Saturday, March 26, 2005

Scientists To Sequester T-Rex Tissue On Komodo Island

Aside from the usual, solitary scientific doldrums,
scientists will be able to break from the monotonous
task of sequestering T. Rex soft tissue to study the
affable Varanus Komodoensis

Indonesia--Scientists who have isolated a "flexible, filament material" from the bone of a Montana T. Rex excavation are taking no chances whatsoever, when it comes to genetic temptations.

"Because we live in a time when the overwhelming desire to tamper with forces beyond our clinical control is so strong, we will enact intractable safeguards at the outset" said Dr. Mary Schweitzer of North Carolina Sate University.

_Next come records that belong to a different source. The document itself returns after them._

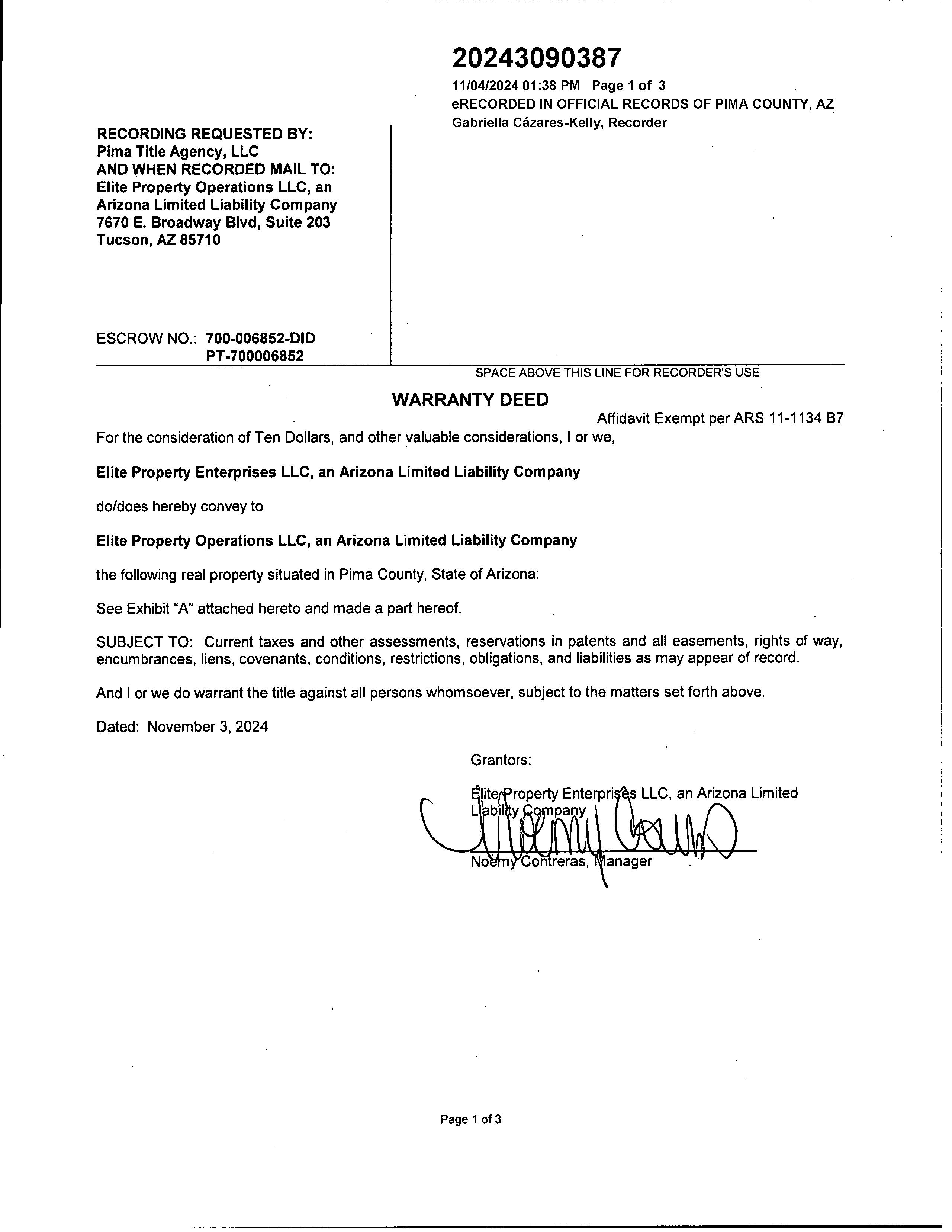 OWNER: ELITE PROPERTY OPERATIONS L AFFIDAVIT 2024 3090387 11/04/2024
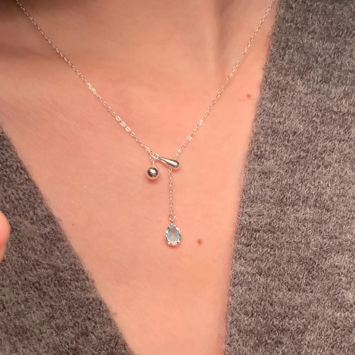 Cool Temperament Simple Mermaid Tears Blue Water Drop Necklace Women's New Chinese Style All-match Girly Adjustable Clavicle Chain
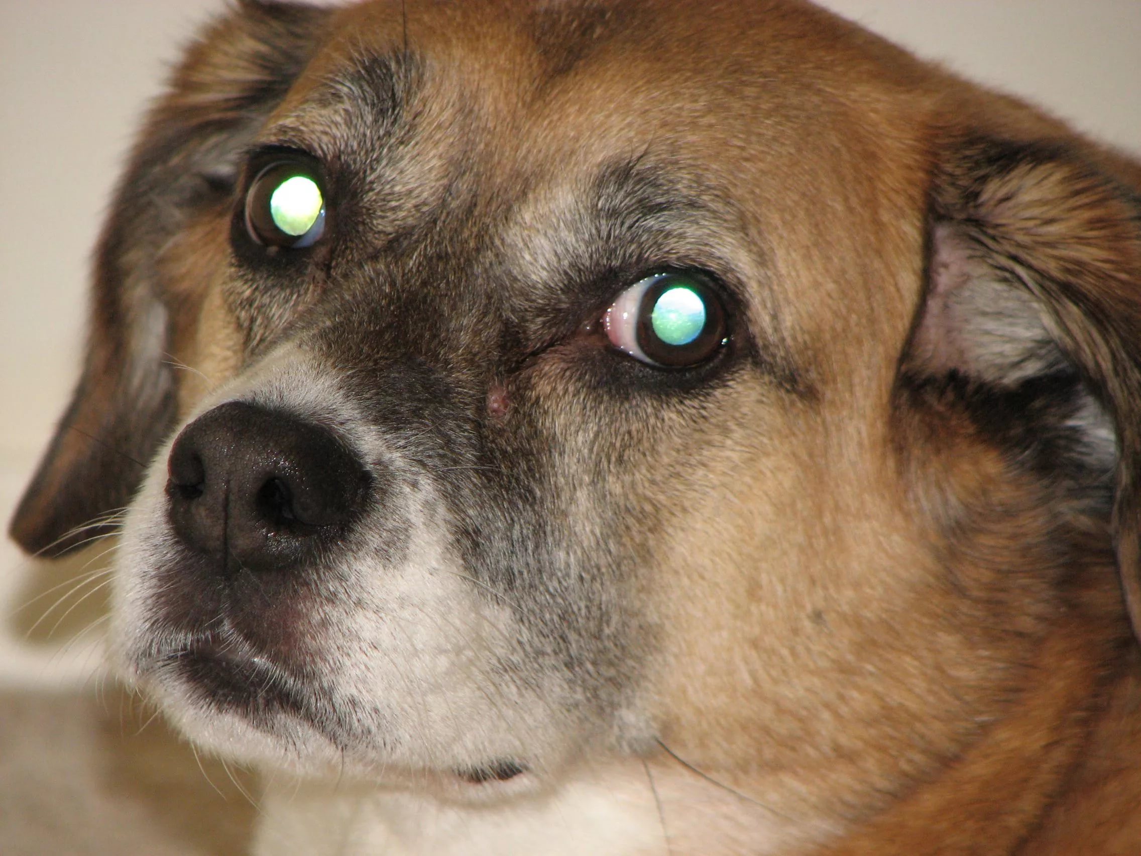 The reason for this is, again, a reflective membrane, thanks to which dogs are so well oriented in the dark. The color of the glow can be yellowish, as well as with green and brown-brown shades. Or combine several colors at once: at the top yellow or green, at the bottom - green-blue. This is due to the color of the membrane. In dark-eyed animals it is darker than in breeds with a light iris.
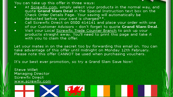 If you have any enquiry regarding this email or any other customer service related enquiry please click here. * Offer valid until midnight Monday 12th February 2007. Cannot be redeemed in conjunction with any other offer/promotion/incentive. Cannot be redeemed when purchasing Screwfix vouchers. Cash redemption value 0.0001p. ** This saving will not appear on your order confirmation email and your checkout total. *** Kitchen price based on 8 unit comparison with an 8 minimum order quantity. 'Was' price relates to Catalogue 84 (available from 23rd October 2006 to 4th January 2007). Contact Details: Screwfix Direct, Trade House, Mead Avenue, Yeovil, BA22 8RT. |

Schweitzer says that, while simple clinical isolation would be "acceptable protocol," it falls short in terms of societal proximity.

“We are making arrangements even now, for the erection of a laboratory somewhere in the Indonesian Islands,” she said. “Komodo Island seems to be the most conciliatory in terms of climate, coastal access, plus a preponderance of frogs with androgynous DNA.”

Schweitzer says they are excited to
finally unravel "what makes these
lizards tick" while isolating bloody
T. Rex cartilage

Scientists also agree that a proliferate supply of “understudied” lizards with 61 noxious salivary toxins provides a nice peripheral justification for the move.

"They grow to nine feet long, 200 pounds, live twenty years and can run 20 miles an hour," said one scientist. "They are solitary creatures, good swimmers, and have the eyesight of an eagle. We'd like to get into the psyche of the only living prehistoric carnivore while we have he chance."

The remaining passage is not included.